[Input Boundary: Start]

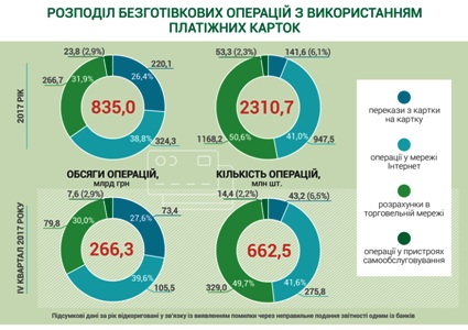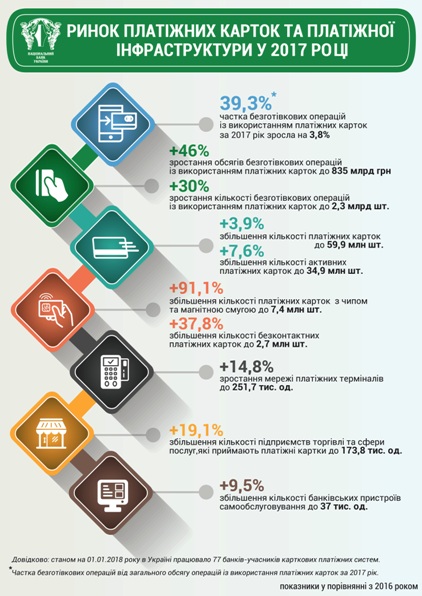 Сообщается, что в 2017 году граждане Украины совершили платежей с использованием банковских карт на общую сумму в 2,125 трлн грн, что на 39% больше в сравнении с показателем 2016 года. Помимо этого было отмечено, что число операций с банковскими картами перевалило за 3 миллиарда.
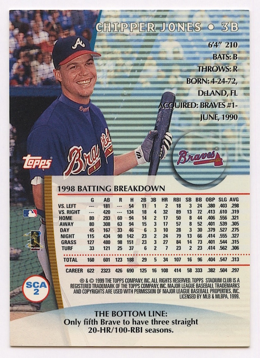 Chipper Jones 1999 Stadium Club Autographs #SCA2
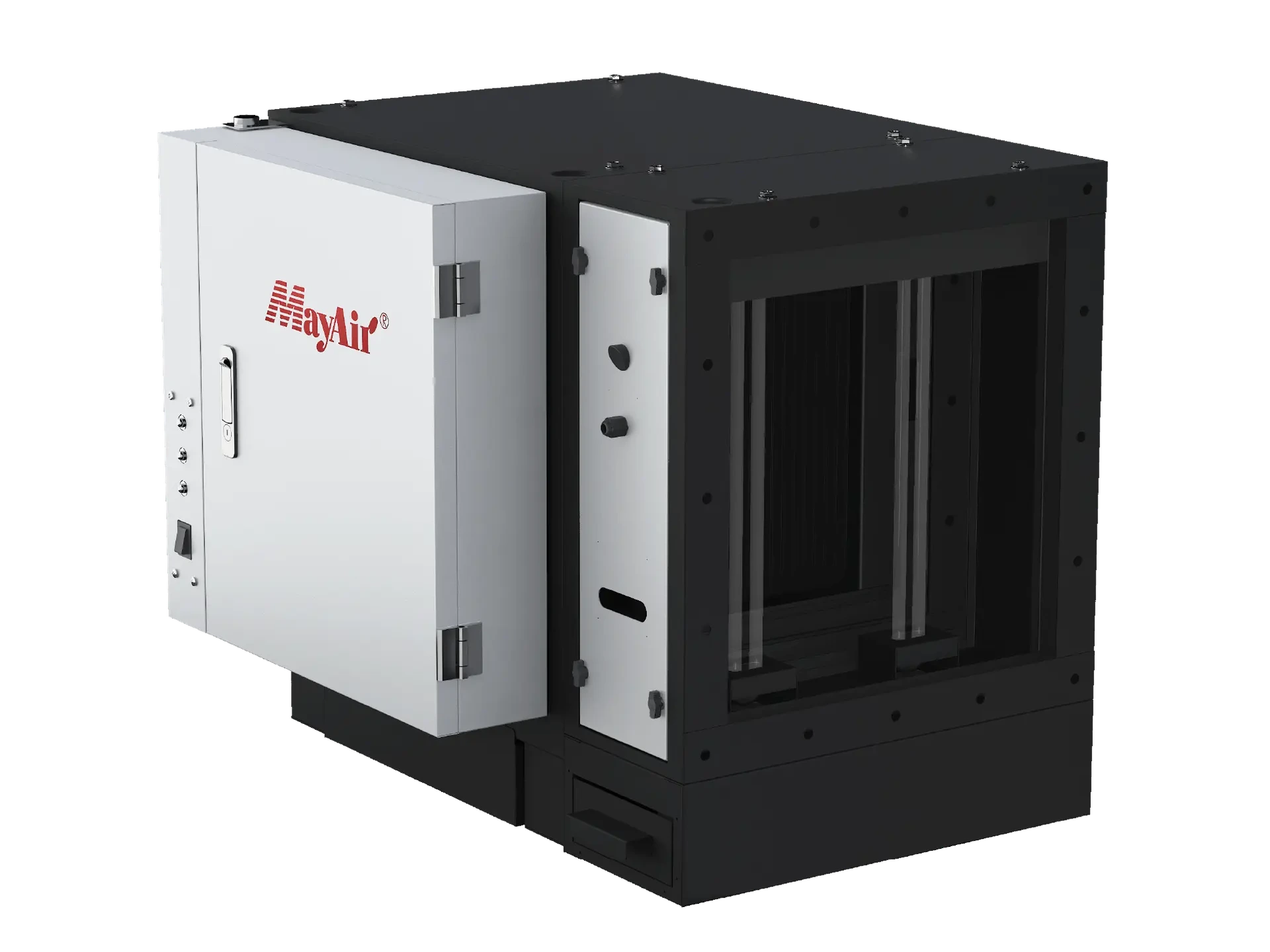 The Fusion Series is designed for installation at the terminal sections of kitchen exhaust systems in the food and beverage industry. These products provide advanced treatment of cooking fumes and odors, utilizing a combination of physical impact and interception, high-voltage electrostatic ionization, UV decomposition and oxidation, and activated carbon adsorption.
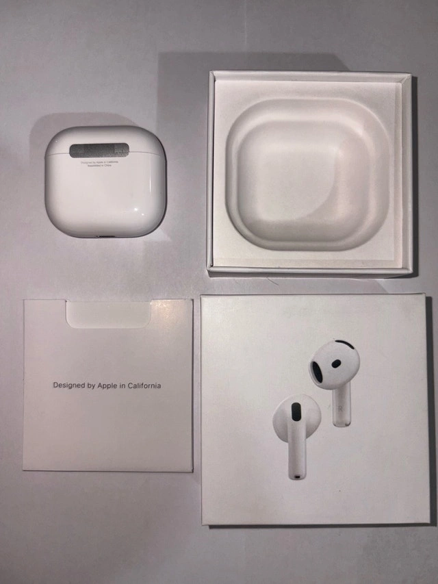 Apple AirPods 4th Generation. Fully tested and works perfectly. Great sound quality. Strong battery life. Comes with charging case. Let me know if you're interested!
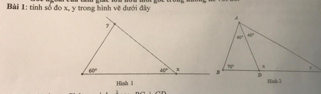 $y=60^o+40^o=100^o$(Góc ngoài tại một đỉnh bằng tổng hai góc trong khác đỉnh đó của tam giác)
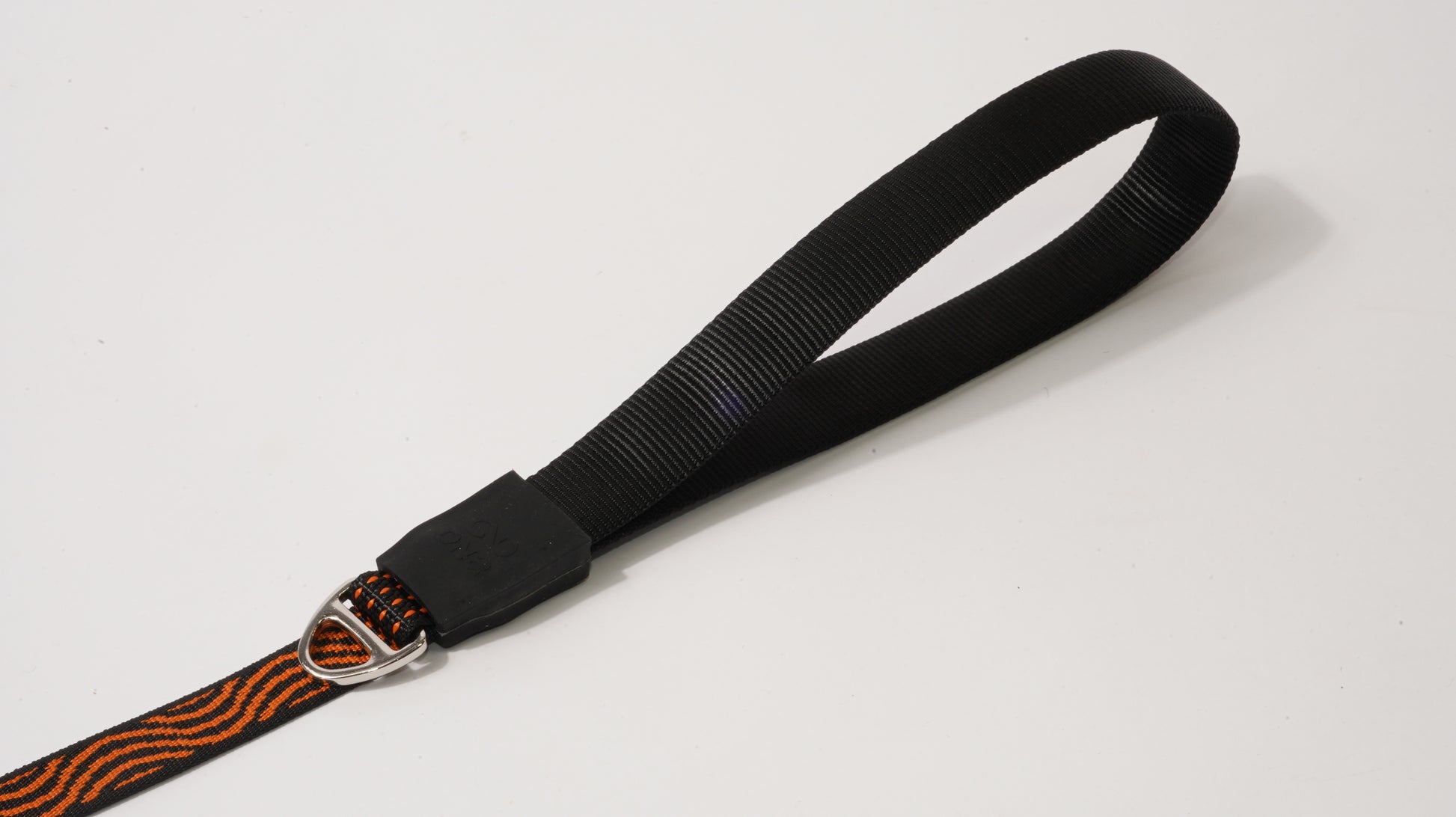 The Explorer Lead features a cushioned handle for comfortable lead-holding, and a D-ring near this handle for attaching on-the-fly poop bags.

[Input Boundary: End]

Task objective:
Nothing but the pictures should be left out when the records are retyped exactly.

Task solution:
 Сообщается, что в 2017 году граждане Украины совершили платежей с использованием банковских карт на общую сумму в 2,125 трлн грн, что на 39% больше в сравнении с показателем 2016 года. Помимо этого было отмечено, что число операций с банковскими картами перевалило за 3 миллиарда.
 Chipper Jones 1999 Stadium Club Autographs #SCA2
 The Fusion Series is designed for installation at the terminal sections of kitchen exhaust systems in the food and beverage industry. These products provide advanced treatment of cooking fumes and odors, utilizing a combination of physical impact and interception, high-voltage electrostatic ionization, UV decomposition and oxidation, and activated carbon adsorption.
 Apple AirPods 4th Generation. Fully tested and works perfectly. Great sound quality. Strong battery life. Comes with charging case. Let me know if you're interested!
 $y=60^o+40^o=100^o$(Góc ngoài tại một đỉnh bằng tổng hai góc trong khác đỉnh đó của tam giác)
 The Explorer Lead features a cushioned handle for comfortable lead-holding, and a D-ring near this handle for attaching on-the-fly poop bags.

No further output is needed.